### WORK REQUEST
The answer is the full listing restated exactly, without any pictures.

### SOURCE DATA

=-=-=-=-=

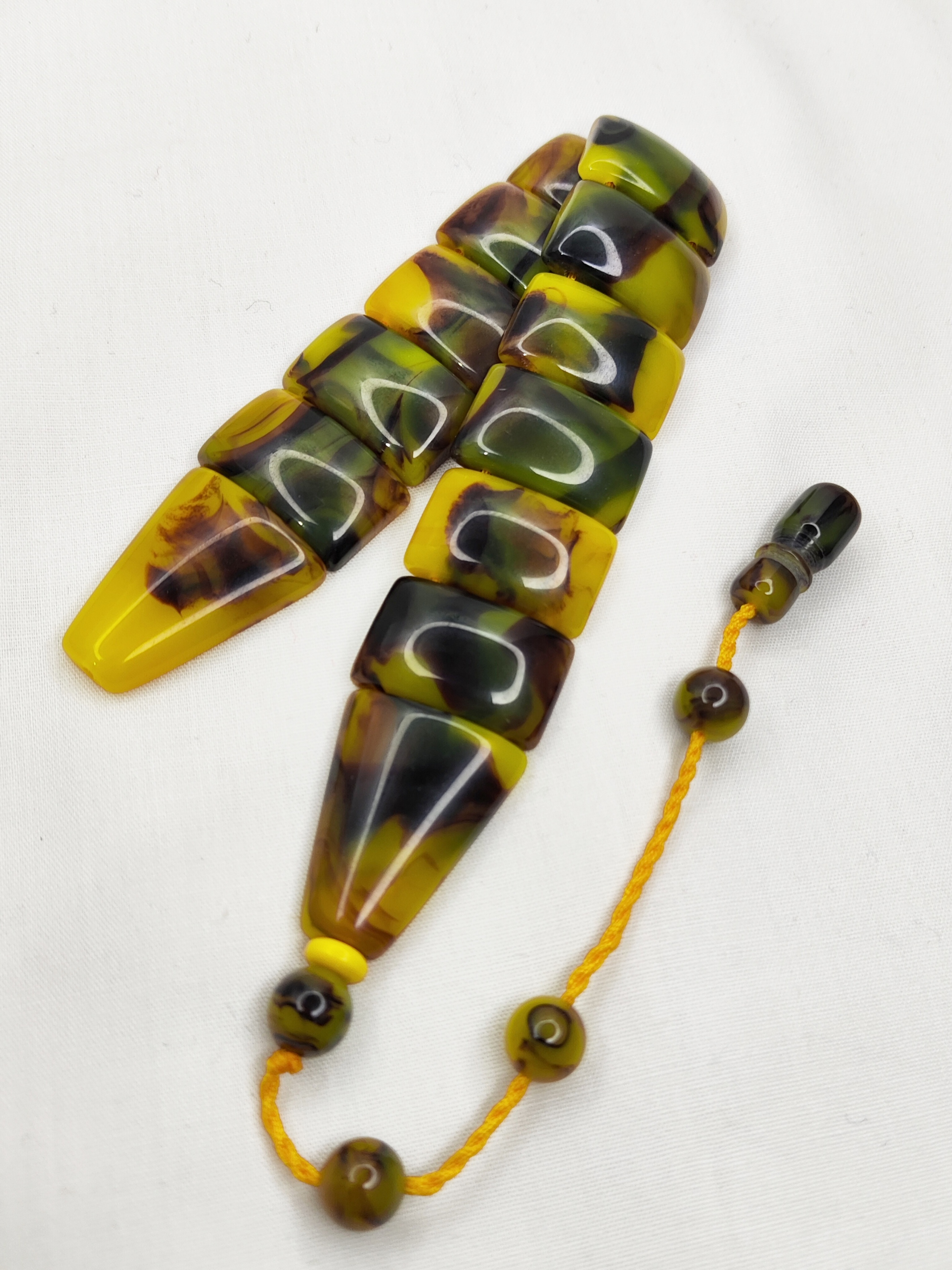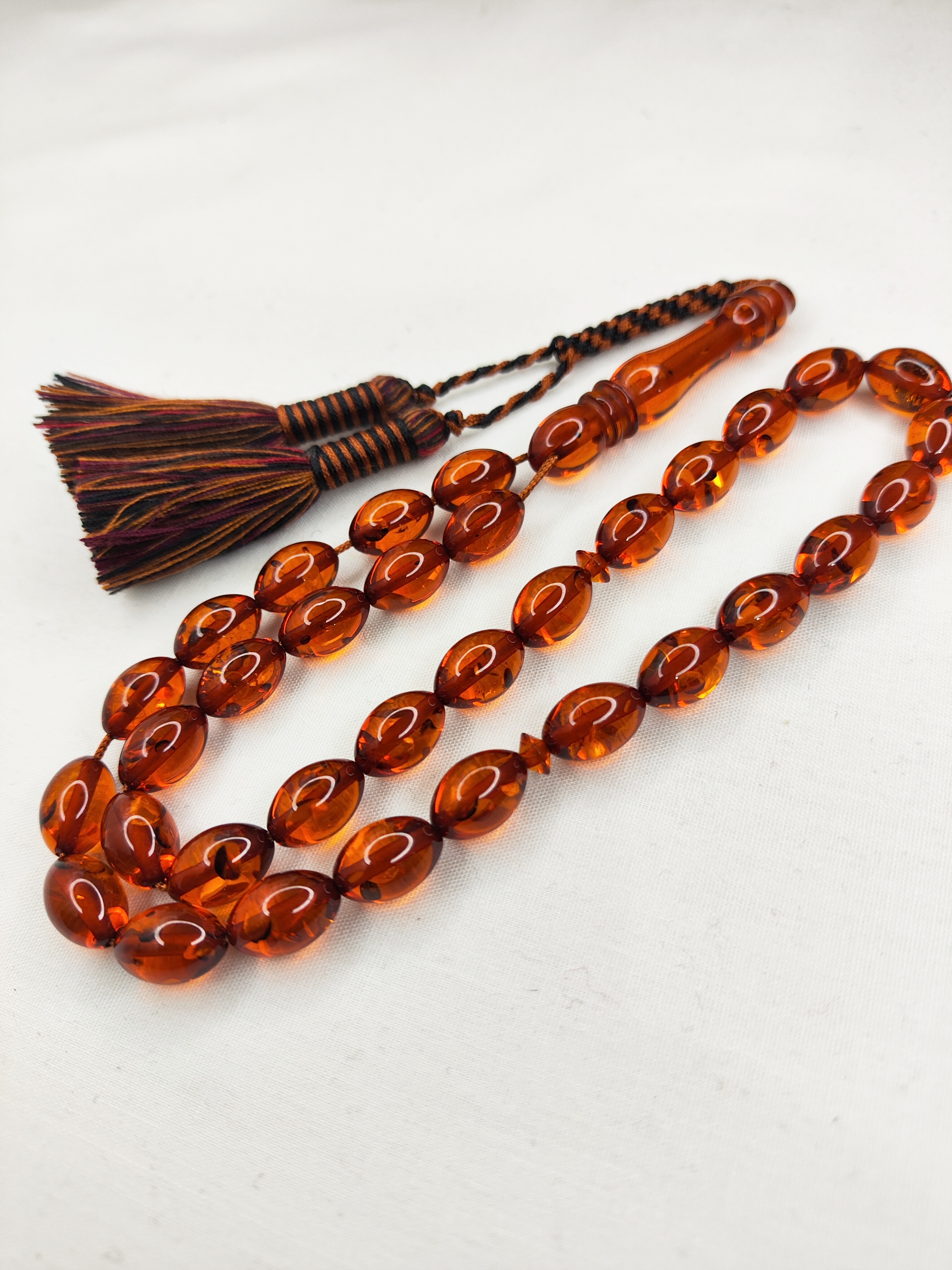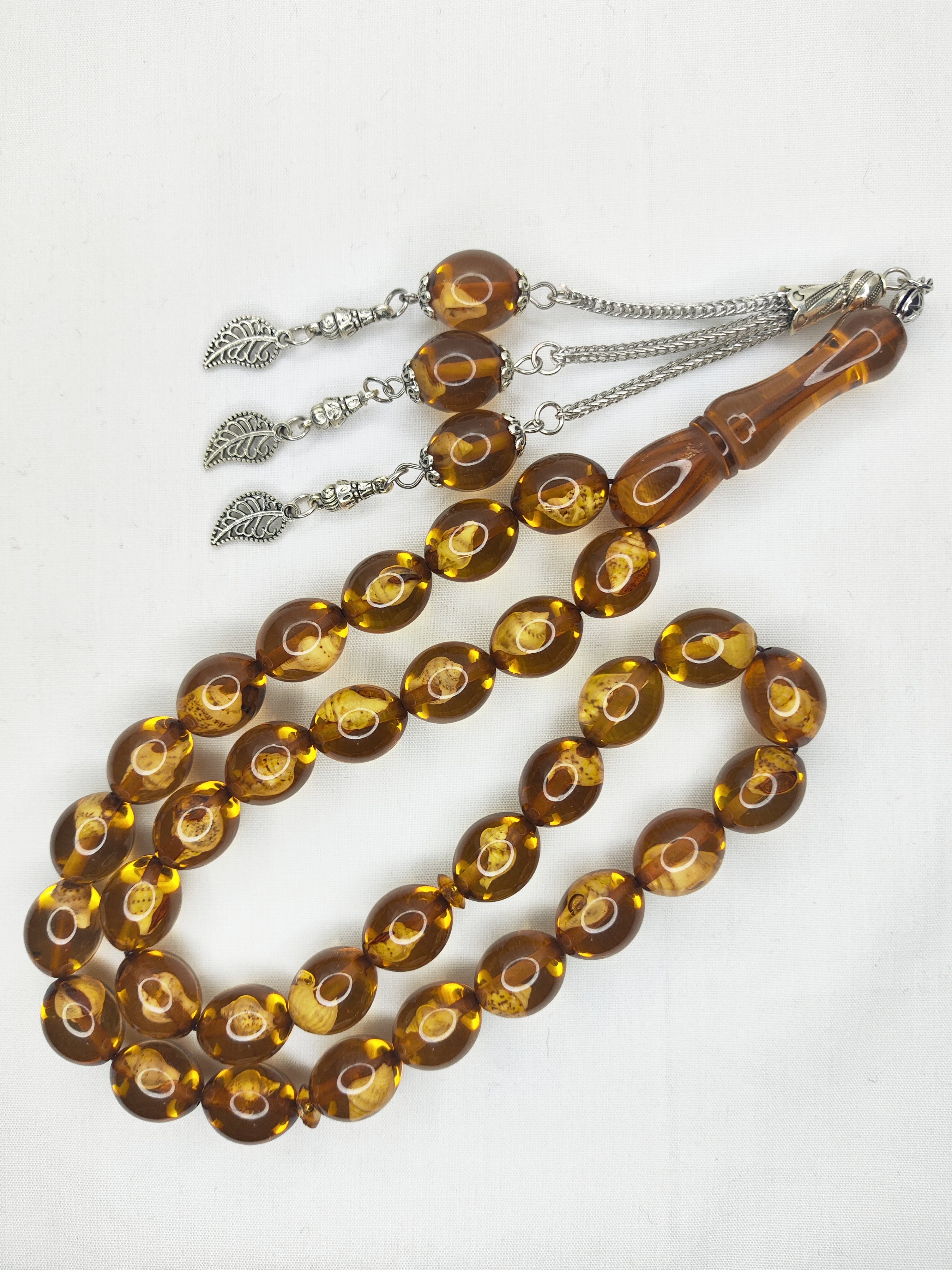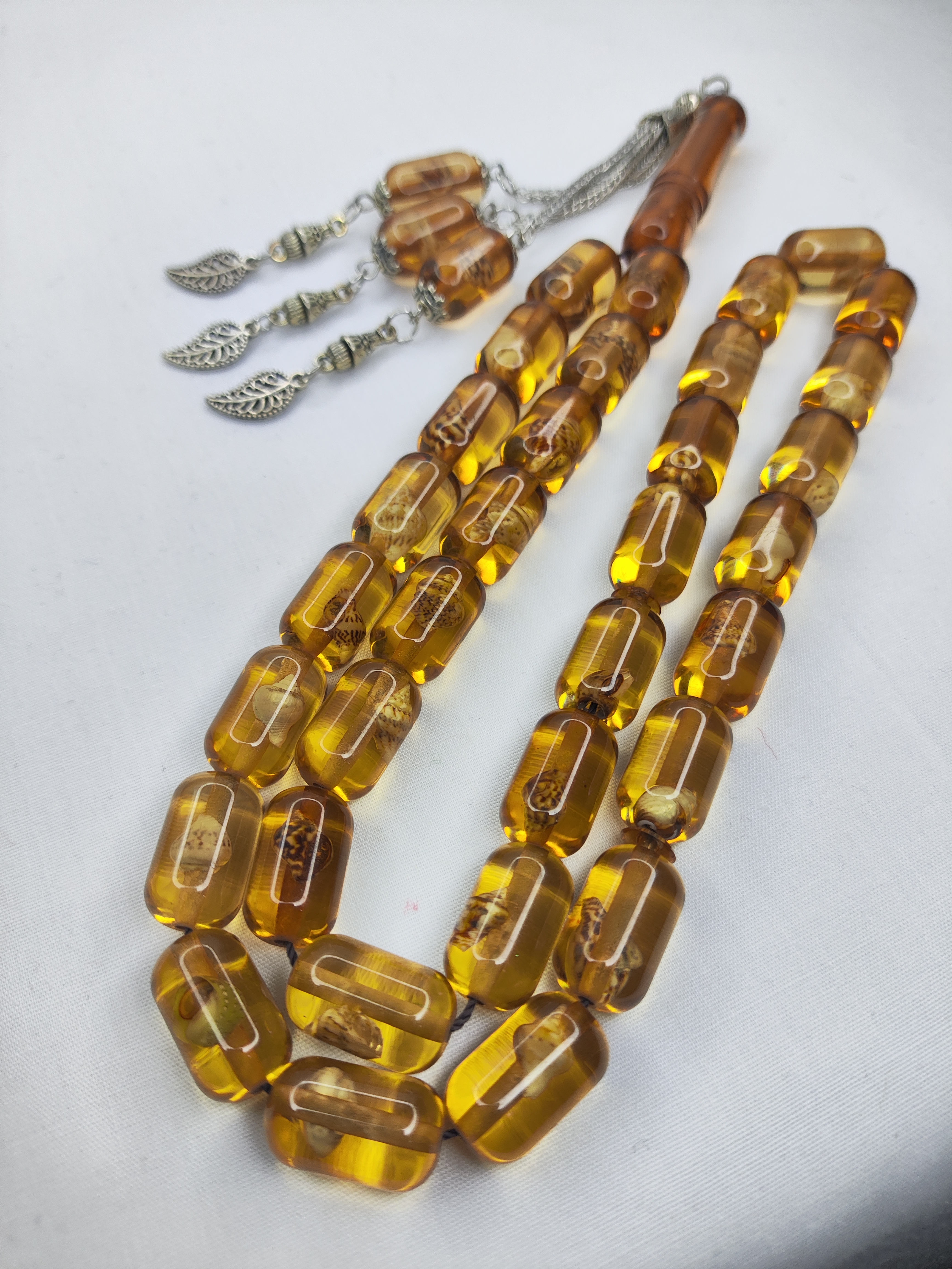 پلاستیک: برخی تسبیحهای کهربا مصنوعی از پلاستیکهای خاصی ساخته میشوند که به رنگ و بافت کهربای طبیعی شباهت دارند.
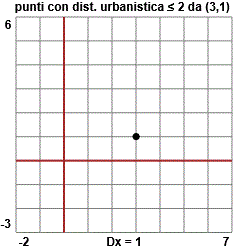| d(P,(3,1)) ≤ 2} dove d indica la distanza urbanistica.
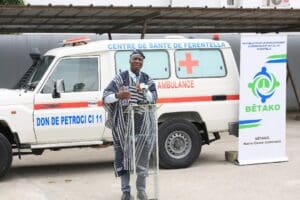 L’ancienne ambulance, » calée » depuis plus d’un an, avait plongé les habitants dans un véritable calvaire, compliquant les évacuations médicales et la prise en charge des urgences. Avec ce don, l’accès aux soins et la sécurité sanitaire des populations de Férentella et de tout le département de Ouaninou connaîtront un tournant décisif.« Au nom de Petroci CI 11, je vous remets les clés de cette ambulance », a déclaré M. Sidibé Mohamed, représentant de la structure donatrice, avant de saluer « le modèle de développement communautaire incarné par BÊTAKO et son président, le ministre Bamba Cheick Daniel ».

=-=-=-=-=

### YOUR RESPONSE
 پلاستیک: برخی تسبیحهای کهربا مصنوعی از پلاستیکهای خاصی ساخته میشوند که به رنگ و بافت کهربای طبیعی شباهت دارند.
| d(P,(3,1)) ≤ 2} dove d indica la distanza urbanistica.
 L’ancienne ambulance, » calée » depuis plus d’un an, avait plongé les habitants dans un véritable calvaire, compliquant les évacuations médicales et la prise en charge des urgences. Avec ce don, l’accès aux soins et la sécurité sanitaire des populations de Férentella et de tout le département de Ouaninou connaîtront un tournant décisif.« Au nom de Petroci CI 11, je vous remets les clés de cette ambulance », a déclaré M. Sidibé Mohamed, représentant de la structure donatrice, avant de saluer « le modèle de développement communautaire incarné par BÊTAKO et son président, le ministre Bamba Cheick Daniel ».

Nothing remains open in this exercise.